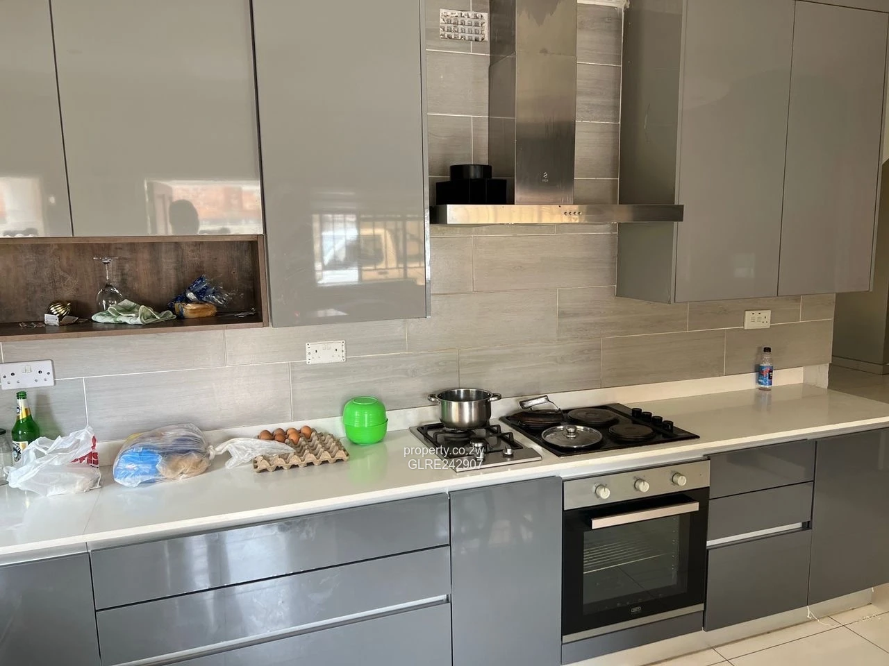Spacious 4-bedroom, 2-bath family home for rent in desirable Waterfalls, Harare South — set on a generous 900 m² stand with 400 m² of living space. The bright exterior (see photo) features a tiled red roof, wide interlocking brick driveway with room for several vehicles and a neat lawn edged with palms and mature shrubs. Inside you’ll find a contemporary tiled interior and a formal dining area under a feature ceiling (photo), plus a sleek modern kitchen with glossy grey cabinetry, double sink, built-in oven, gas hob and extractor hood (photo). The property includes a separate outbuilding/flatlet and practical outdoor laundry sinks and service area (photos). Reliable water supply is assured by an on-site borehole; solar water heating and storage tanks are visible on the roofs. Securely walled, low-maintenance grounds, abundant parking and flexible accommodation make this ideal for families or professionals. Call to arrange a viewing.
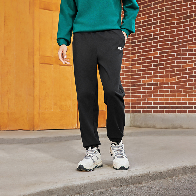 斯凯奇冬季加绒运动长裤女情侣卫裤宽松黑色显瘦户外束脚裤子男款
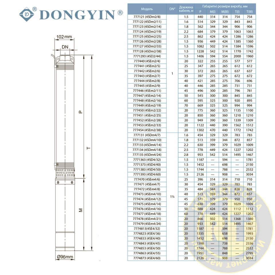 Насос відцентровий свердловинний 1.1кВт H 134(109)м Q 55(30)л/хв Ø105мм 70м кабелю 4SEm2/19 DONGYIN 777449
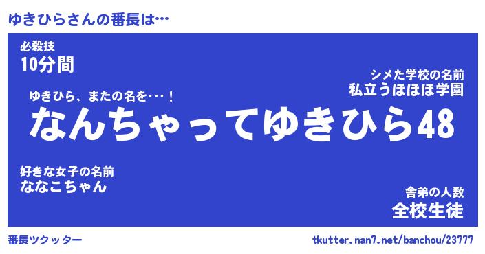 | ヒーロー風カッコイイあだ名 | 『スーパーユキヒラ』『炎刃騎士ユキ』 |
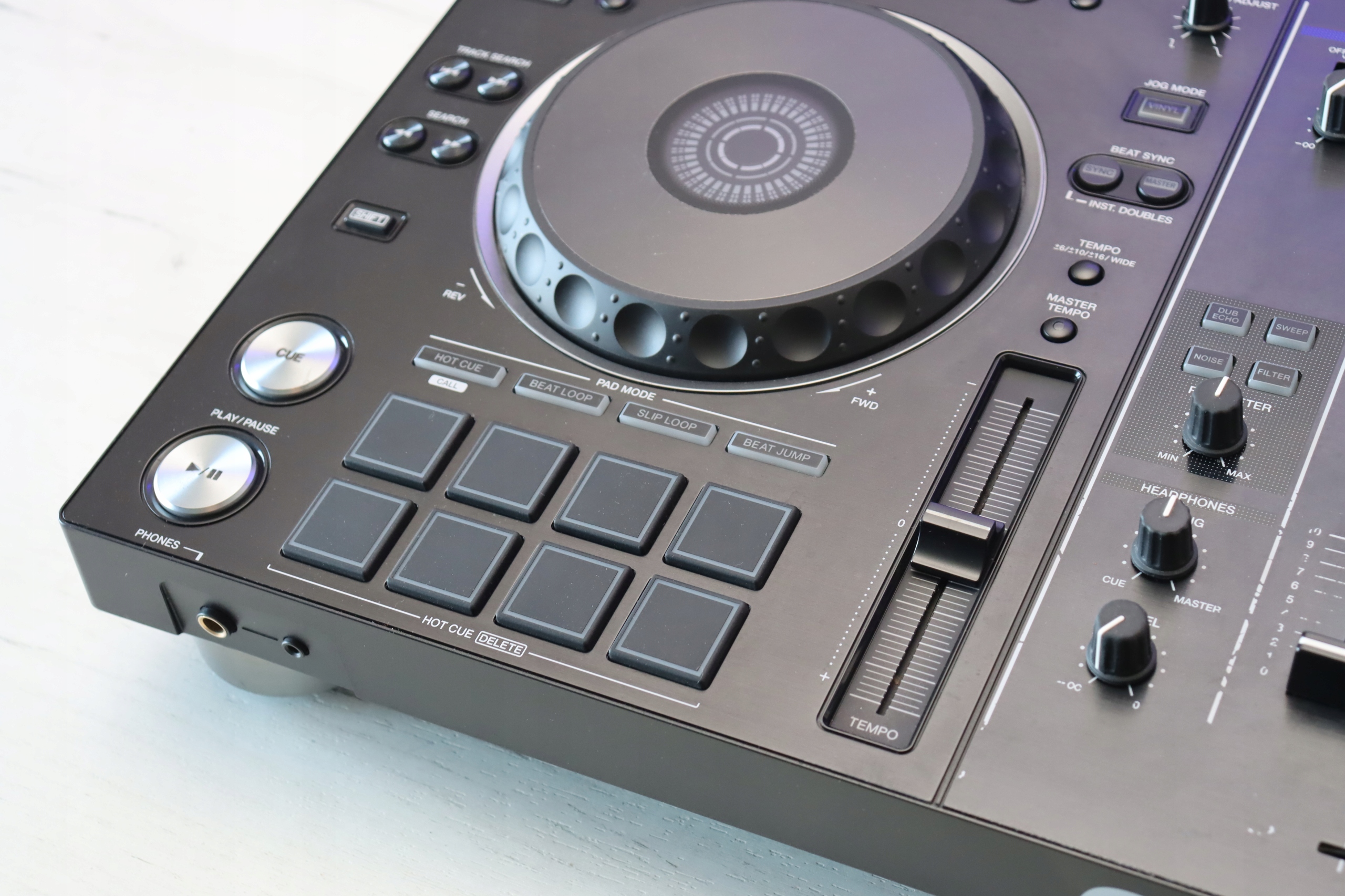 Раскройте свой творческий потенциал с 8 большими, разноцветные сенсорные панели на каждой деке, обеспечивающие мгновенный доступ к профессиональным функциям, таким как Hot Cues, Beat Loop, Slip Loop и Beat Jump (одиночный или непрерывный).
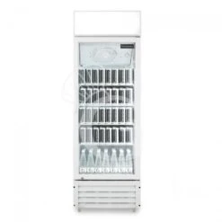 L’espositore refrigerato ventilato per bibite ha porta battente e l’esterno di colore bianco.
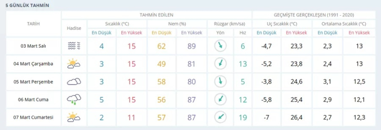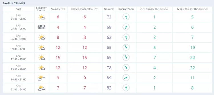 Çarşamba günü sıcaklıklar 3 ile 15 derece arasında seyredecek. Nem oranı yüzde 49-81 aralığında ölçülürken, rüzgar hızının 13 km/sa'ye kadar çıkması bekleniyor. Gün genelinde parçalı bulutlu bir hava tahmin ediliyor.
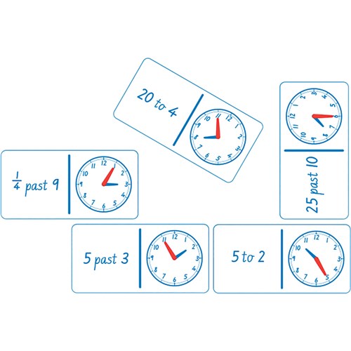 Reinforce the connection between analogue clocks and written time in numbers. Can Features the written time on one side and a clock face with the time on the other side. Dominoes measure 8x4cm while coming in a set of 28 pieces.
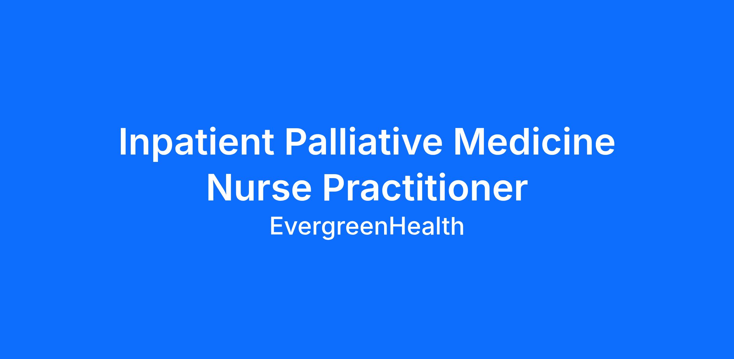 EvergreenHealth in Kirkland, WA is recruiting for an Inpatient Palliative Medicine Nurse Practitioner to join our exceptional, expanding Palliative Medicine team. Join a dynamic group of Palliative Medicine providers and interdisciplinary team members in a Seattle-area healthcare system recognized as a local leader in serious illness and end-of-life care.
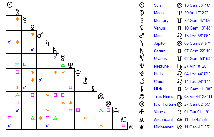 | Moon | 29 Aries 20 | 27 Scorpio 25 | 11 Taurus 24 |
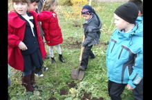 Продолжается акция "Зеленый рекорд". Учащиеся всех классов принимают активное участие в посадке деревьев.
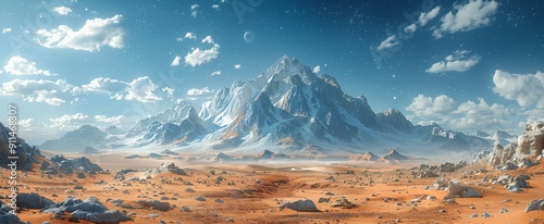Fototapeta premium Majestic mountain range under a starry sky with a visible moon, amidst a vast desert landscape.
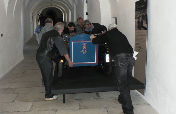 Výstava představuje motocykly a jízdní kola, používané poštou od 80. let 19. století až po současnost. Prezentovány jsou nejen dobové fotografie, ale i přímo historické stroje. Součástí výstavy, která bude v Jihočeském muzeu v Českých Budějovicích prezentována, je ukázka výtvarných návrhů poštovních známek s motocyklovou a cyklistickou tematikou od uznávaného umělce Kamila Lhotáka; ústředním exponátem této části je elegantní motocykl Douglas, na němž jezdil sám Mistr. Více o výstavě.
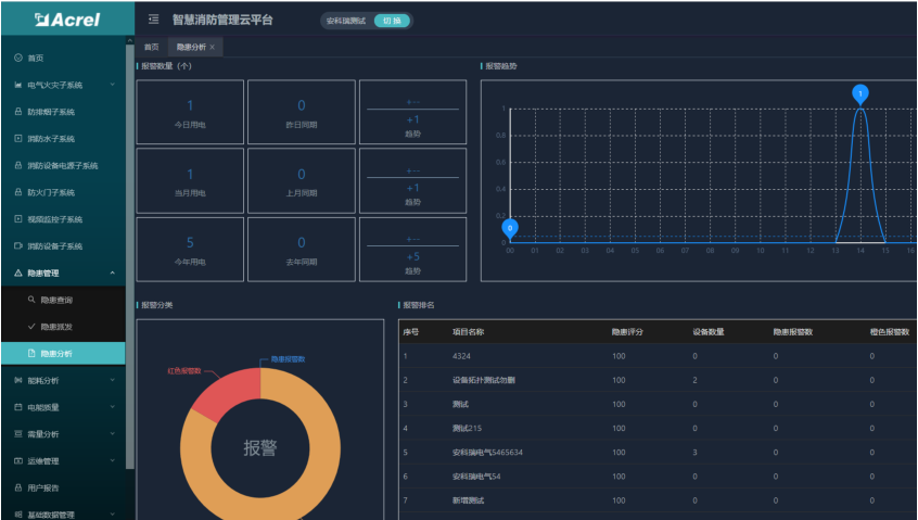 安科瑞智慧消防綜合管理云平臺基于物聯(lián)網(wǎng)、大數(shù)據(jù)、云計算等現(xiàn)代信息技術(shù),將分散的火災(zāi)自動報警設(shè)備、電氣火災(zāi)監(jiān)控設(shè)備、智慧煙感探測器、智慧消防用水等設(shè)備連接形成網(wǎng)絡(luò),并對這些設(shè)備的狀態(tài)進(jìn)行智能化感知、識別、定位,實(shí)時動態(tài)采集消防信息,通過云平臺進(jìn)行數(shù)據(jù)分析、挖掘和趨勢分析,幫助實(shí)現(xiàn)科學(xué)預(yù)警火災(zāi)、網(wǎng)格化管理、落實(shí)多元責(zé)任監(jiān)管等目標(biāo)。填補(bǔ)了原先針對“九小場所”和?;飞a(chǎn)企業(yè)無法有效監(jiān)控的空白,適應(yīng)于所有公建和民建,實(shí)現(xiàn)了無人化值守智慧消防,實(shí)現(xiàn)智慧消防“自動化”、“智能化”、“系統(tǒng)化”、用電管理“精細(xì)化”的實(shí)際需求。
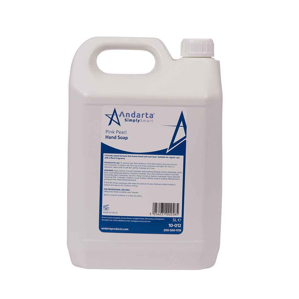 Our Andarta Pink Pearl Hand Soap is designed for washroom environments. An effective hand soap that is mild enough for general use on a regular basis, cleaning and protecting hands. Forming a rich lather, with a fresh floral fragrance. Suitable for use in all types of washrooms. Compatible dispenser codes: 15-164/15-040.
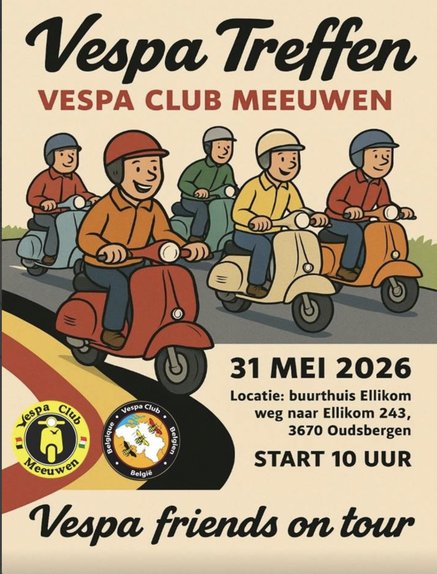 Een vaste waarde op de kalender, eentje die smaakt naar meer, ruikt naar benzine en klinkt als gezellig getokkel van Vespa’s onderweg. Dus helm op, sleutel om en mee op pad, want sommige ritten… die laat ge simpelweg niet liggen.
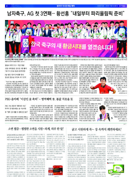 남자축구, AG 첫 3연패… 황선홍 “내일부터 파리올림픽 준비”
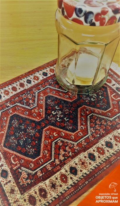 Mousepad colorido com detalhes tipo tapete oriental.

§ §

## WHAT THIS TASK INVOLVES
Using the entries above, extract exactly the lines from the one that contains "斯凯奇冬季加绒运动长裤女情侣卫裤宽松黑色显瘦户外束脚裤子男款" through the one that contains "Reinforce the connection". Do not carry over any pictures.

## OUTPUT BELOW
 斯凯奇冬季加绒运动长裤女情侣卫裤宽松黑色显瘦户外束脚裤子男款
 Насос відцентровий свердловинний 1.1кВт H 134(109)м Q 55(30)л/хв Ø105мм 70м кабелю 4SEm2/19 DONGYIN 777449
 | ヒーロー風カッコイイあだ名 | 『スーパーユキヒラ』『炎刃騎士ユキ』 |
 Раскройте свой творческий потенциал с 8 большими, разноцветные сенсорные панели на каждой деке, обеспечивающие мгновенный доступ к профессиональным функциям, таким как Hot Cues, Beat Loop, Slip Loop и Beat Jump (одиночный или непрерывный).
 L’espositore refrigerato ventilato per bibite ha porta battente e l’esterno di colore bianco.
 Çarşamba günü sıcaklıklar 3 ile 15 derece arasında seyredecek. Nem oranı yüzde 49-81 aralığında ölçülürken, rüzgar hızının 13 km/sa'ye kadar çıkması bekleniyor. Gün genelinde parçalı bulutlu bir hava tahmin ediliyor.
 Reinforce the connection between analogue clocks and written time in numbers. Can Features the written time on one side and a clock face with the time on the other side. Dominoes measure 8x4cm while coming in a set of 28 pieces.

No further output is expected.